- What you are asked to do -
Exact copy, no pictures: take the lines of the listing below from the first through the one containing "Hoop earrings from".

- Data below -
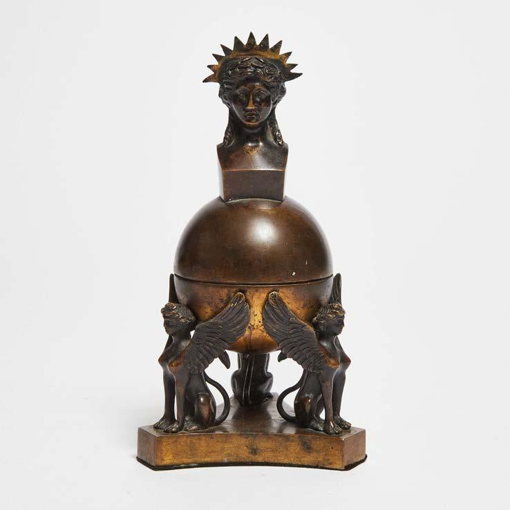 now mounted on oak stand, bronze height 4.75 in — 12.1 cm; overall height 8 in — 20.3 cm
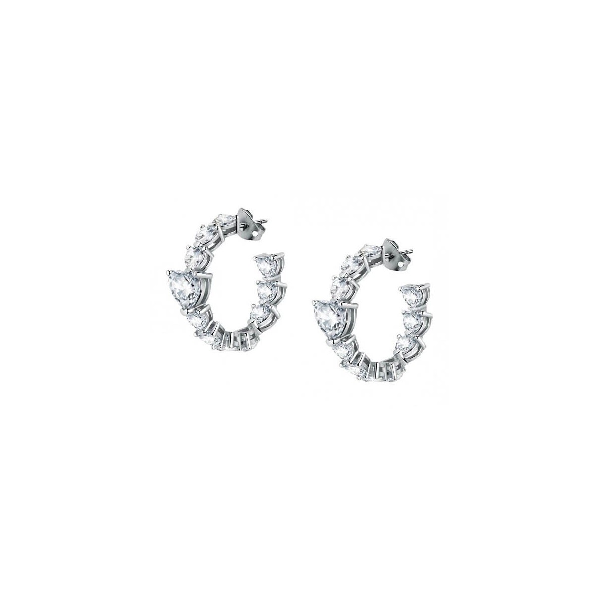 Hoop earrings from the Infinity Love collection with white heart-cut zircons and large central heart
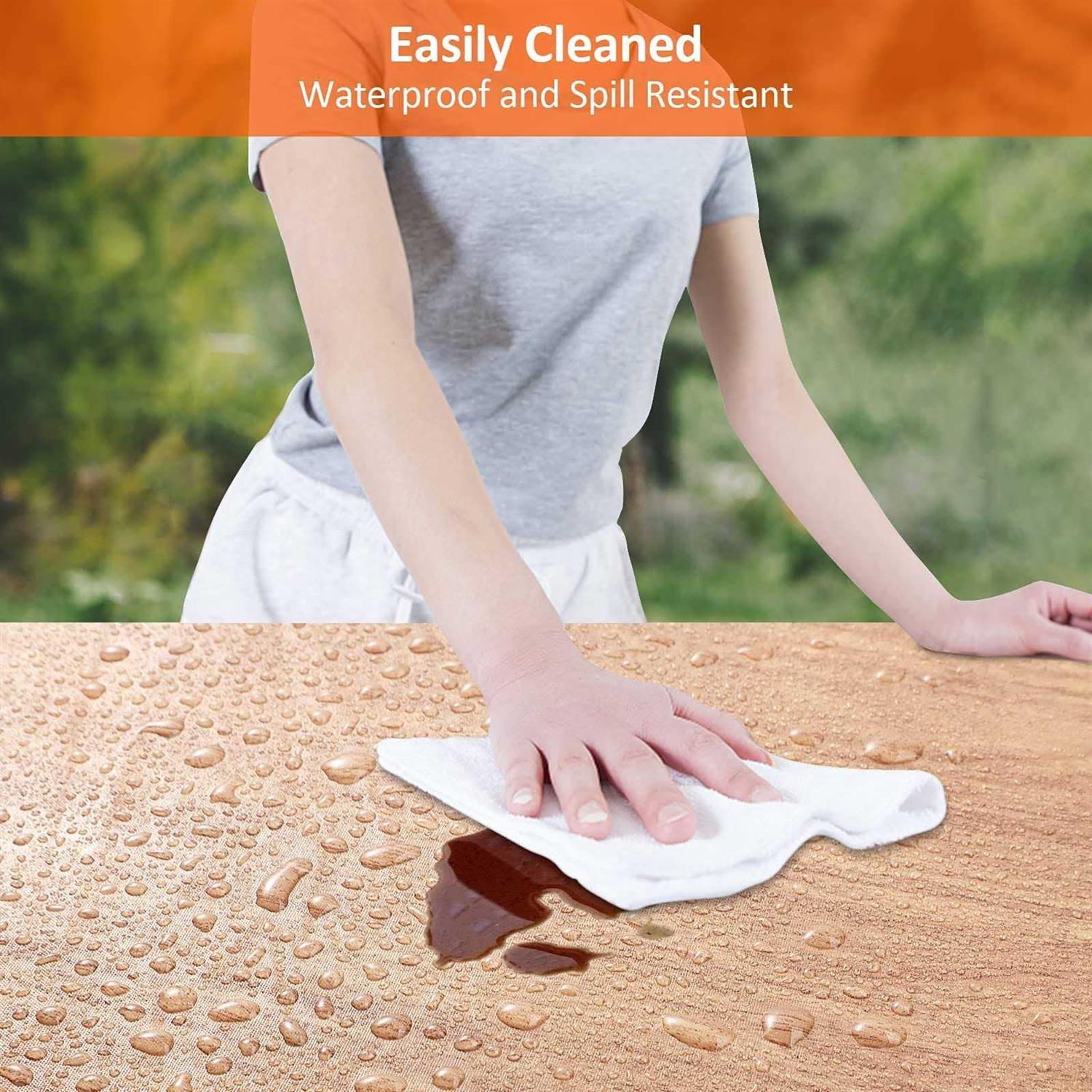 Tablecloth stretches to fit any 96″ X 30″ picnic table or trade show table, bench cover stretches to fit any 12″ X 96″ bench. The vinyl cover is fitted with elastic stretchable corners, to offer a snug and tight fit so the cover remains in place securely, all three pieces boast a slightly larger cut for a better fit. Functional & Beautiful: With bright colors, flannel backing and classic black-white checkered patterns, this vinyl tablecloth not only gives your table a new stylish look, but also protects your table from scratches, beverage spill, and kids arts & crafts mishaps, making your table last longer. The elasticized edges keep the vinyl tablecloth tightly fitted and stay free from moving / falling off. It works in both dining room and outdoor settings Easy to Use and Clean: No stains of liquid/oil can be stubborn on this PVC vinyl tablecloth, because it is water and oil-proof and all liquids bead up on its surface. The vinyl (plastic) tablecloth is also much easier to wipe clean than fabric tablecloths. Creases, wrinkles or fold lines on vinyl can be easily removed by using a hair dryer: use the low-heat setting and use your hand to smooth out the creases as you apply the hot air to the surface. Serves Multi-Purposes: The ease of cleaning makes this vinyl table cover great for general all-purpose activities like dining, painting, board gaming, and working with modeling clay. It is super kids and family-friendly and keeps dirt and dust out of your outdoor patio tables. Easy to Fold and Store: This vinyl tablecloth has a quality, liquid-proof vinyl top; with a soft flannel backing to reduce skidding and slipping. Made from 100% vinyl with 100% polyester flannel backing. Easy to fold and store when not in use

- Written response -
 now mounted on oak stand, bronze height 4.75 in — 12.1 cm; overall height 8 in — 20.3 cm
 Hoop earrings from the Infinity Love collection with white heart-cut zircons and large central heart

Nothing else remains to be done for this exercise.